As a regular reader of Automotive News, I've admired your independence and fresh thinking on a range of issues facing the automotive industry and consumers.
However, your editorial in favor of tort reform was a disappointment ("Time for tort reform," Nov. 15).
The notion that meritorious lawsuits against members of the auto industry and the medical industry have stymied business has been conveniently peddled by the business community, which understandably doesn't like getting sued.

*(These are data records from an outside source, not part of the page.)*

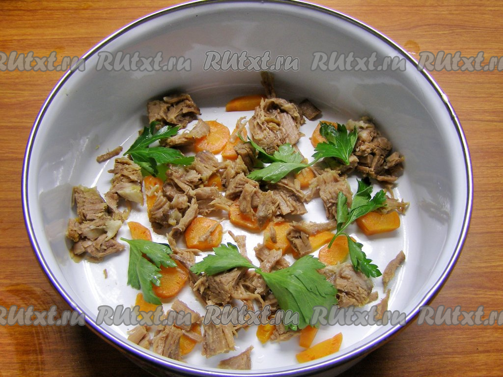 Через 30 минут снимаем кастрюлю с огня, вынимаем говядину, ножки и морковь. Оставляем их немного остыть. Лук, веточки зелени, лавровые листья и перец выбрасываем. Процеживаем бульон через мелкое сито (или марлю, сложенную вдвое).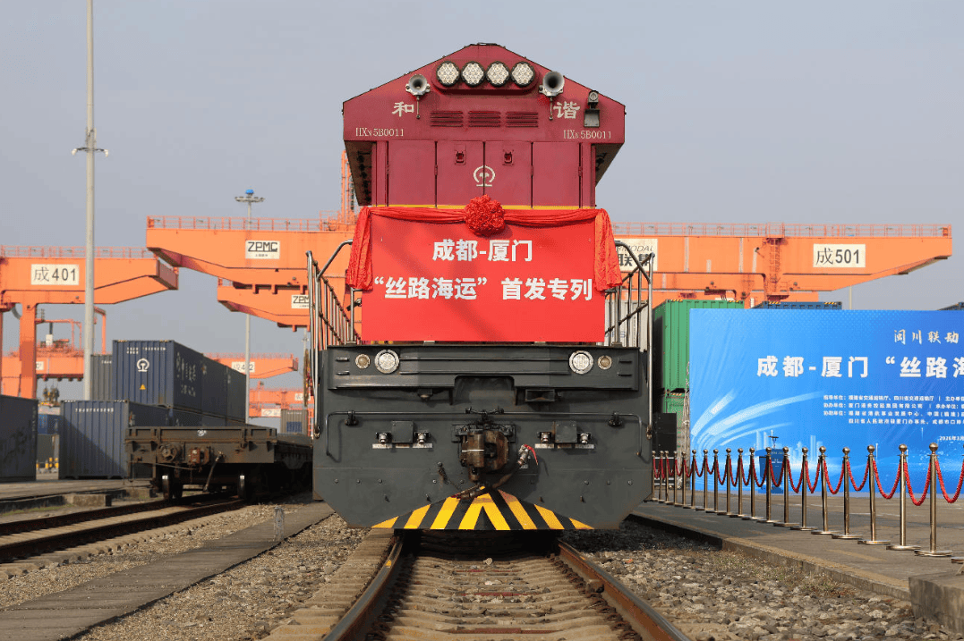 本次首发专列满载四川本地特色货品,从成都城厢站始发,经铁路直达厦门前场站,在厦门港换装国际班轮后,通过海运直达东南亚和中国台湾地区,实现铁路运输、港口中转、国际海运全程无缝衔接,构建起西部内陆南向出海高效、稳定、便捷的物流新路径。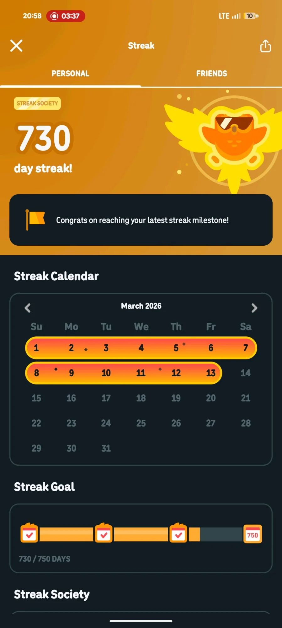 Guys. I got... A 730 DAY DUOLINGO STREAK??? Duolingo Streak is 730 Days or 2 Years!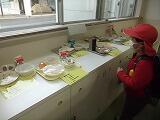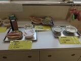 保健室前に児童が集まっています。ここには、昭和20年頃から現在までの給食サンプルが並べてあります。初めて見る1年生は、「ご飯はないの?」「おかずもない」と驚いた様子でした。残食もほとんど無く、しっかり食べている縄瀬っ子、毎日おいしい給食がいただけること、それに携わってくださっている方々に感謝ですね。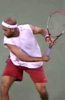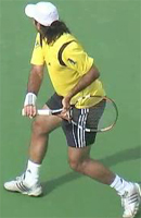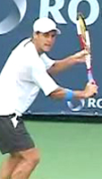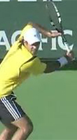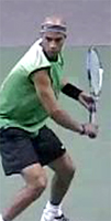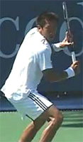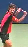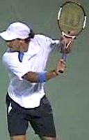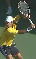 Fernando Gonzales, also with an extreme grip, breaks the pattern of upward diagonal movement, and actually does something similar to Philippoussis. He starts the racket straight back, but bends his elbow and raises his hand dramatically at the end to match the height of Robredo. But unlike Philippoussis who keeps his hand in closer, Gonzo simultaneously takes his hand out further to his side, again similar to Tommy at the top of the backswing.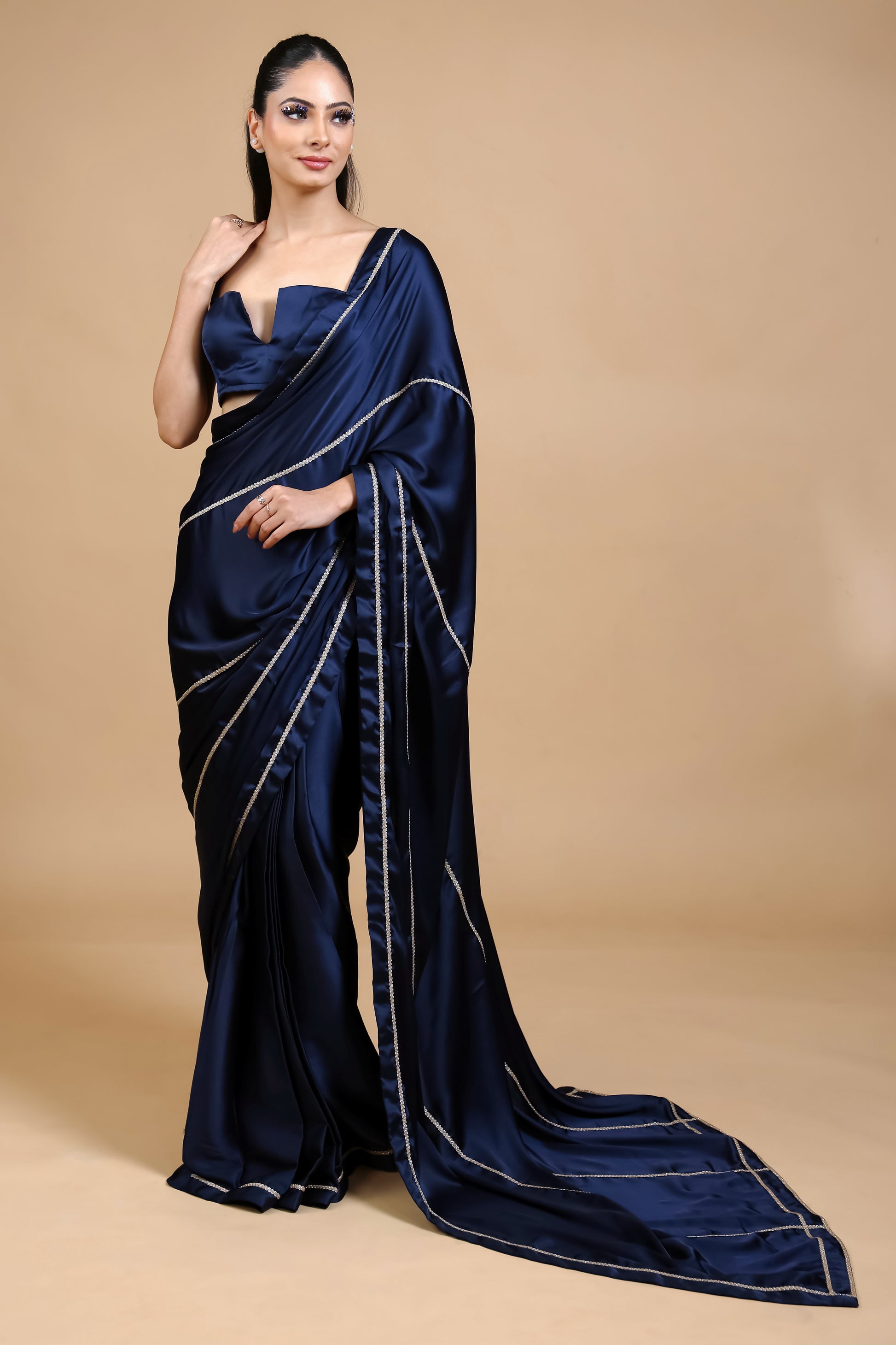 Redefine timeless elegance with this lightweight saree designed for the modern woman. Featuring a unique drape style at both the front and back, it blends contemporary flair with traditional grace. The soft, flowing fabric ensures a sleek silhouette and a comfortable fit, making it perfect for formal events, evening soirées, or festive celebrations. The saree comes with an unstitched satin silk blouse fabric as worn by the model.
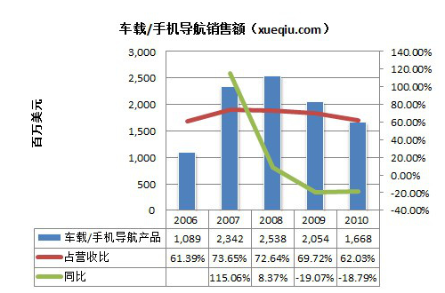上图是Garmin车载/手机导航产品销售额占总营收比重,以及同比变化情况:2007年该项业务销售额同比大增115%至23亿美元,占营收比重高达73.65%;但2008增速明显放缓至8%,2009年和2010年则呈现接近20%的负增长,占营收比重也逐渐下降。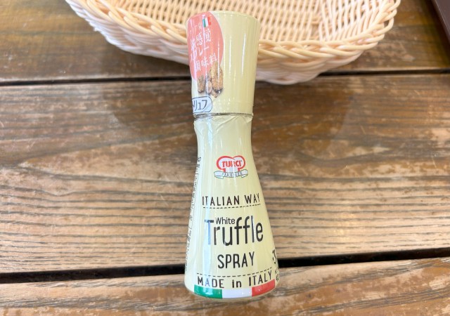 ▼卓上のトリュフスプレー(が置いてある店舗であれば)を振りかけると、さらにトリュフの香りが倍増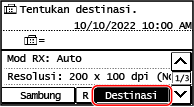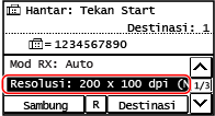Menentukan DestinasiMasukkan nombor faks dengan kekunci angka atau pilih destinasi yang didaftarkan dalam Buku Alamat dengan menekan [Destinasi].

Businesses sue one another far more frequently than individual consumers sue businesses, four times as often by some accounts.
Consumers who are seriously injured due to poorly designed products need access to the courts to air their grievances. In an era of decreasing federal regulatory activity, consumer lawsuits serve a critical consumer protection function against some of the most egregious manufacturer behavior.
During the Ford-Firestone hearings in Washington, for example, the plaintiffs' lawyers, not the federal regulators, had the best information on Ford Explorers with Firestone tires rolling over due to tread separations.
That information ultimately laid the groundwork for an overhaul of our highway safety regulatory system that affected vehicles and tires as well as providing redress for owners of Ford Explorers.
Capping damages in consumer cases or making plaintiffs pay lawyers' fees and court costs if they lose a case will ultimately diminish consumers' access to justice and endanger important protections these cases provide.